Friday, December 29, 2006

The US Is Planning to Provoke Terrorist Attacks

Perhaps the government won't need to inflate its terrorism-arrest stats after it implements the
Defense Science Board's recommendation. This influential committee inside the Pentagon has
proposed a terrifying way to fight evil-doers: Goad them into making terrorist attacks. Yes, you
read correctly. Instead of waiting for a plot to be hatched and possibly executed, go out and make
it happen.
In summer 2002, the Defense Science Board outlined all kinds of ways to fight the war on
terrorism around the world. The scariest suggestion involves the creation of a new 100-man,
$100-million team called the Proactive Pre-emptive Operations Group, or P2OG.
This combination of elite special forces soldiers and intelligence agents will have "an entirely
new capability to proactively, pre-emptively provoke responses from adversary/terrorist groups,"
according to the DSB's report.
Just how the P2OG will "provoke" terrorists into action is not specified, at least in the
unclassified portions of the report. United Press International — which apparently has access to
the full, classified version of the report — says that techniques could include "stealing their
money or tricking them with fake communications." The Moscow Times offers further
possibilities, such as killing family members and infiltrating the groups with provocateurs, who
will suggest and even direct terrorist strikes.
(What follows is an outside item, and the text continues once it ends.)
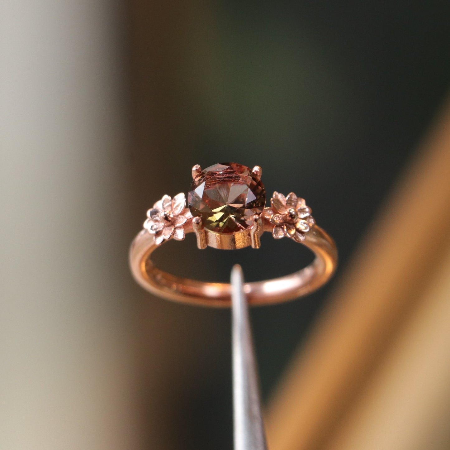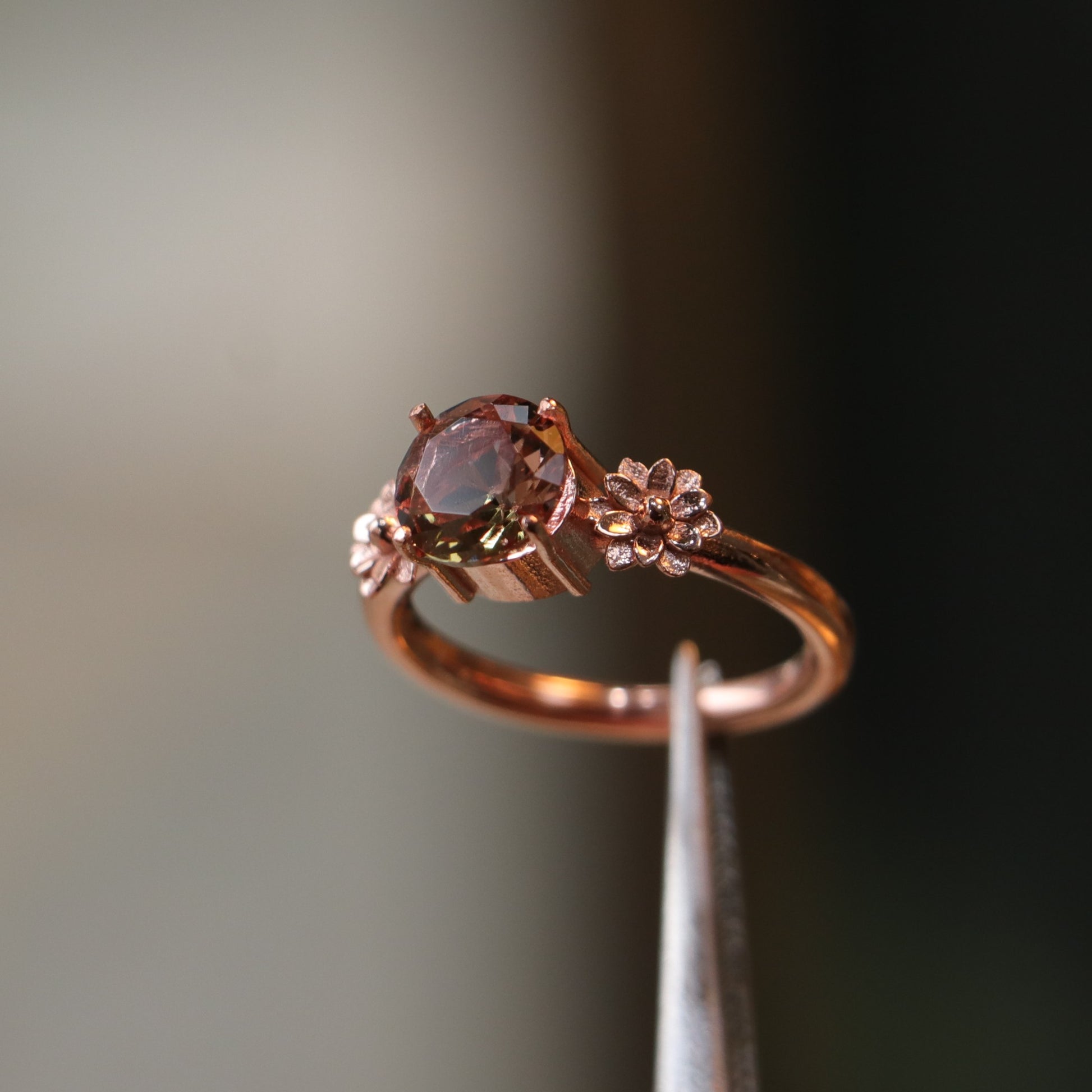 Zultanit 925 Silver Rose Gold Plated Ring (It changes color according to the strength of the light.)

Once the terrorists have been provoked, what then? UPI says that by taking action, the terrorists
would be "exposing themselves to 'quick-response' attacks by US forces." In other words, the
plan is to hit the hornet's nest with a stick, while waiting nearby with a can of bug spray. The
flaws in this approach are obvious. Although not spelled out in the UPI article or the report itsef,
the idea seems to be that the P2OG will cause terrorists to make an attack but supposedly stop
them light before the attack actually occurs. Will the P2OG always be able to prevent terrorism it
creates from taking place? Will it always be able to "neutralize" all of the terrorists during that
crucial window after a plan has been put into motion but before it's been carried out? I wouldn't
want to bet lives on it. But that's exactly what's happening.
Whenever any future terrorist attack occurs — an embassy is truck-bombed, a nightclub is
blown to smithereens, prominent buildings are hit with hijacked passenger jets — we'll never be
100 percent sure that this wasn't an operation the P2OG provoked but then was unable to stop in
time.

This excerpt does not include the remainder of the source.